2. Chickpea Salad Sandwich
This vegetarian take on a classic chicken salad sandwich is made with chickpeas, which are packed with fiber and protein. It’s a quick, easy, and delicious lunch option.
Ingredients:
- 1 (15-ounce) can chickpeas, rinsed and drained
- 1/4 cup mayonnaise or Greek yogurt
- 1 celery stalk, finely chopped
- 1/4 red onion, finely chopped
- 1 tablespoon Dijon mustard
- Salt and pepper to taste
- 4 slices whole-grain bread
- Lettuce and tomato slices for serving
Instructions:
- In a medium bowl, mash the chickpeas with a fork until they are partially broken down.

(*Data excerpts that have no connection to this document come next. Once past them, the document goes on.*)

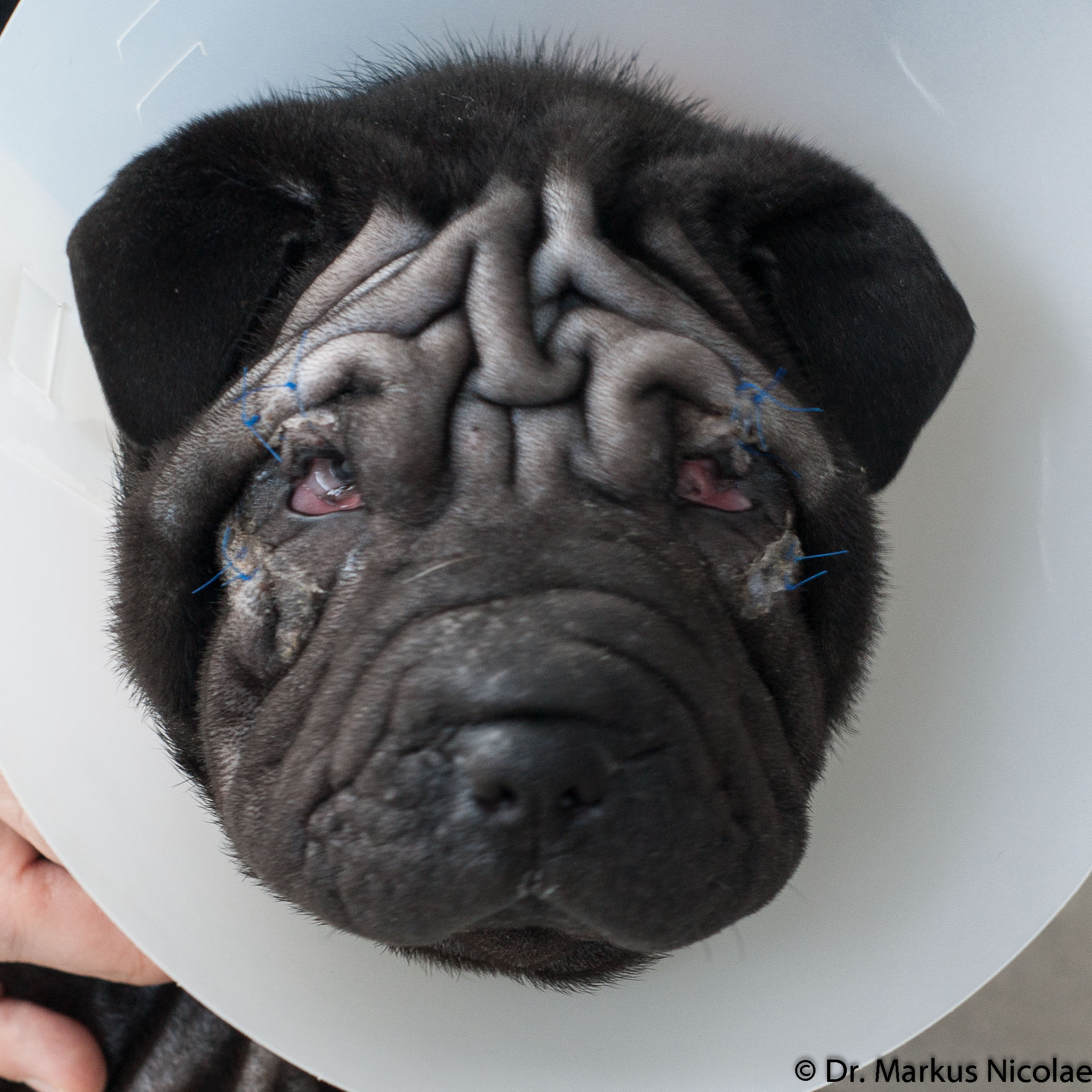 Chinesischer Faltenhund: exzessive Hautfalten verhindern das Öffnen der Augen, hier mit einigen Halteheften, damit der Blick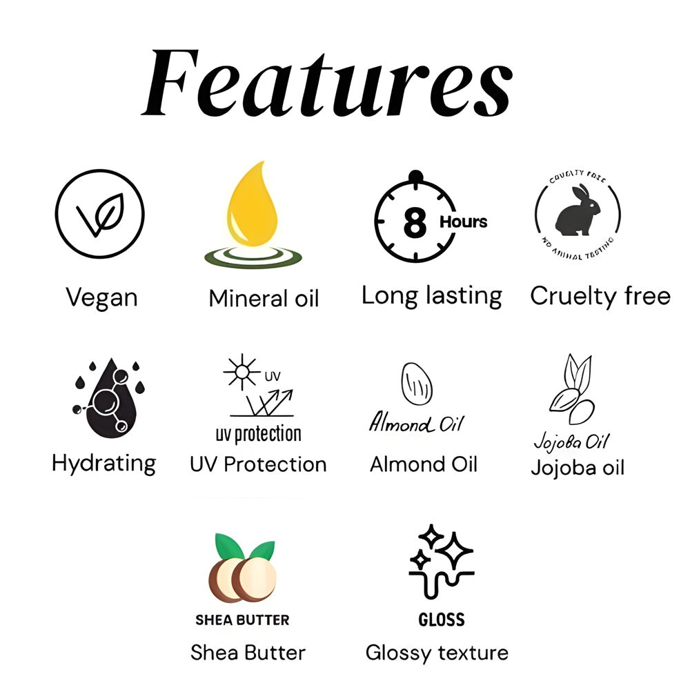 - Long-lasting glossy wear (up to 12 hours)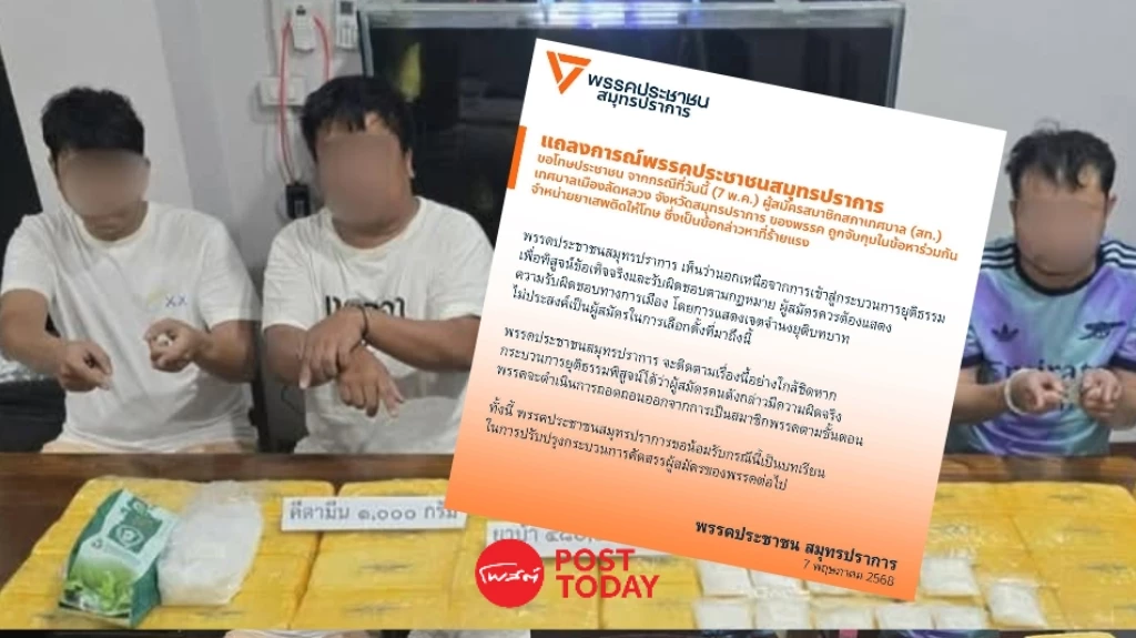 "พรรคประชาชน" ร่อนแถลงขอโทษ ชาวสมุทรปราการ ปม สท.โดนจับ "คดีค้ายาเสพติด" รับเป็นบทเรียนปรับปรุงกระบวนการคัดสรรผู้สมัคร

- Stir in the mayonnaise or Greek yogurt, celery, red onion, and Dijon mustard.
- Season with salt and pepper to taste.
- Serve the chickpea salad on whole-grain bread with lettuce and tomato.
3. Black Bean Burrito Bowl
A deconstructed burrito in a bowl, this recipe is a great way to get a balanced and fiber-rich lunch. It’s also easily customizable with your favorite toppings.
Ingredients:
- 1 cup cooked brown rice
- 1/2 cup canned black beans, rinsed and drained
- 1/2 cup corn, fresh or frozen
- 1/4 cup salsa
- 1/4 avocado, diced
- 2 tablespoons chopped fresh cilantro
- Lime wedges for serving
Instructions:
- In a bowl, combine the cooked brown rice, black beans, and corn.
- Top with salsa, avocado, and cilantro.
- Serve with a lime wedge to squeeze over the top.
4. Quinoa Salad with Chickpeas and Vegetables
This refreshing and colorful salad is packed with protein, fiber, and a variety of vitamins and minerals. It’s a perfect make-ahead lunch that you can enjoy throughout the week.
Ingredients:
- 1 cup cooked quinoa, cooled
- 1 (15-ounce) can chickpeas, rinsed and drained
- 1 cucumber, diced
- 1 bell pepper, diced
- 1/4 red onion, finely chopped
- 1/4 cup chopped fresh parsley
- For the dressing:
- 3 tablespoons olive oil
- 2 tablespoons lemon juice
- 1 teaspoon Dijon mustard
- Salt and pepper to taste
Instructions:
- In a large bowl, combine the quinoa, chickpeas, cucumber, bell pepper, red onion, and parsley.
- In a small bowl, whisk together the olive oil, lemon juice, Dijon mustard, salt, and pepper.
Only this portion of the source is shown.